This problem has bugged me for a while. While board evaluations using neural networs exist there has been no publications that release a trained binary neural network that produces the sliding piece outputs. Until now!
So there is "By Calculation", "By Occupancy Lookup" and the new method: "By machine learning"
This github repo can train BNNs with a (limited problem size) to 100% accuracy: https://github.com/Gigantua/Chess_BinaryNeuralNetwork
A Neural network normally is implemented like an input vector multiplied with a weight matrix and an activation function and it can learn all sorts of different things - like many of you know.

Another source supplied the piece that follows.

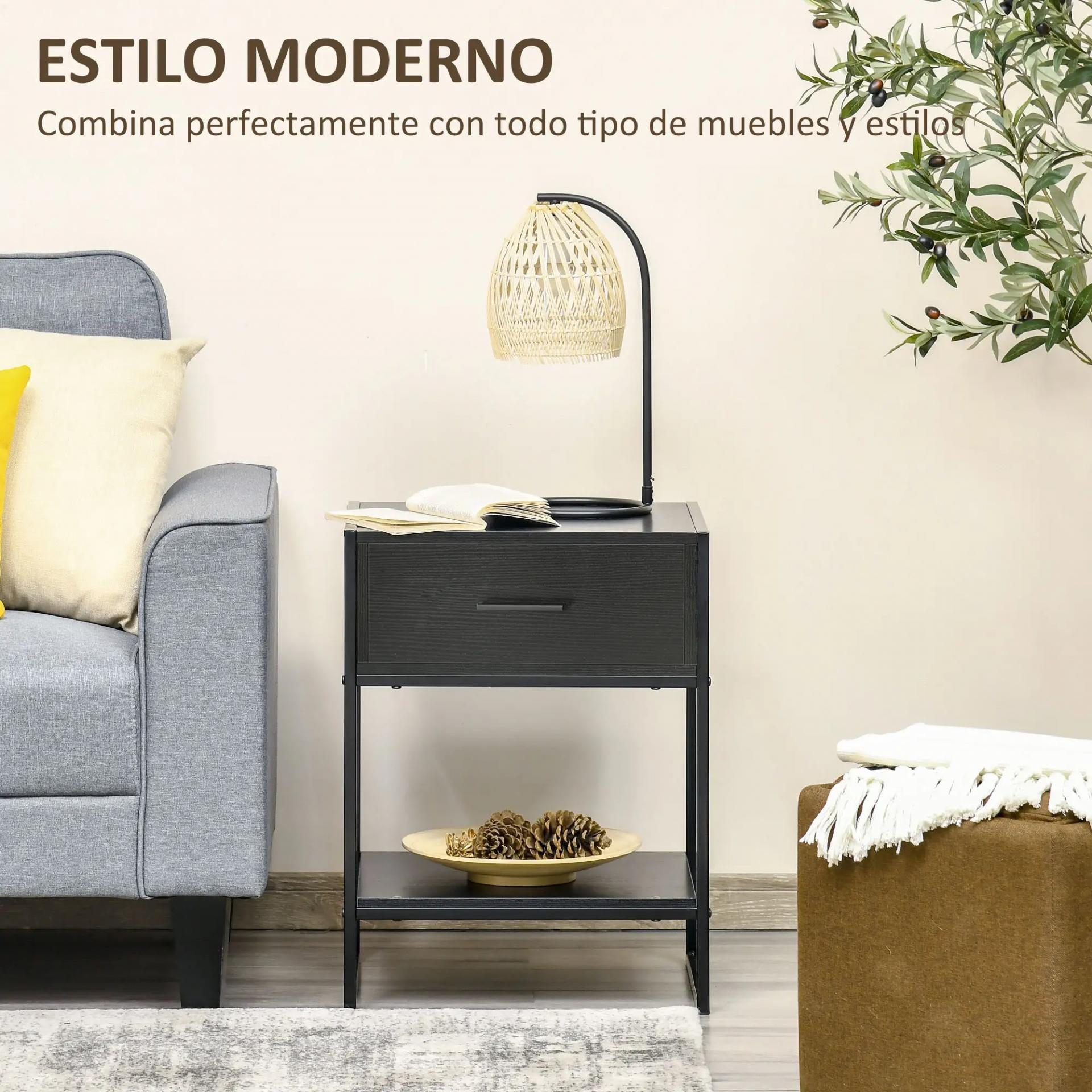 ESTILO MODERNO: Mesa de noche de diseño simple y único con encimera, cajón y estante de color de color negro. Un complemento actual y elegante para cualquier habitación, fácilmente integrable a la decoración ya existente

The lesser known and somewhat new variant is binary neural networks. These are computationally much cheaper - but harder to train. Instead of the weights being a full 32bit variable - each weight is really a single bit.
This means that a 64bit variable is an input vector of size 64 and that matrix multiplication will happen with each bit in the weight matrix.
Also a normal dotproduct is defined as a⋅b = a1*b1+....an+bn - which means that a 64 matrix will need 64 additions per output.
In Binary Neural Networks this dotproduct (horizontal reduction) gets reduced to a⋅b = popcount(a^b) which is just 2 instructions for a 64*64 dotproduct!
I wont go into more detail here - its best to read an introduction: https://sushscience.wordpress.com/2017/ ... -networks/
This algorithm below is what replaces any and all code that would normally produce the up to 14 set bits that are the result for any Sliding piece algorithm. But here the behaviour to infer the outputs are learned. There are 14 networks for all the 14 bits per square.
These networks have learned how to transform the result of bit extract into the correct output for bit scatter! Normally a lookup of this operation takes 512kb of memory. The network needs 23kb!
Code: Select all
static uint64_t Vector32(int sq, uint64_t occ, uint64_t gather, uint64_t scatter, uint32_t count, const uint8_t* weights) {
const __m256i input = _mm256_set1_epi16(_pext_u64(occ, gather));
int result = 0;
//Binary neural network: [count networks with this config] => 16bit x 32bit x 1 bit
for (int i = 0; i < count; i++) {
int R1 = _mm256_movemask_epi8(ChessBNN::popcount8x32_SmallerThan4(_mm256_xor_si256(input, _mm256_load_si256(reinterpret_cast<const __m256i*>(weights + i * 32)))));
//64bit first layer reduction into single bit output
result |= (std::popcount<uint32_t>(R1) > 16) << i;
}
return _pdep_u64(result, scatter);
}
The performance on x64 is not outstanding - but while implementing this I am looking forward for an implementation in cuda where there will be access to 2088Tflops of compute for this type of operation.
https://on-demand.gputechconf.com/gtc/2 ... n-cuda.pdf
One Cuda TensorOp can fit many of these networks and could calculate the output like below in a single clock cycle! (Per TensorCORE!).
Even without CUDA one can see that a Popcount(a^b) is much much faster than 64 multiplications and 64 additions.
I trained 2 general working networks:
1) Learned on 64 bit occupy & mask => 64 x 64 x 1 [per output bit]
It learned to calculate which bits in the output need to be set for all 4096 possible configurations per square.
The input is the masked occupancy and the output are the attacked bits directly.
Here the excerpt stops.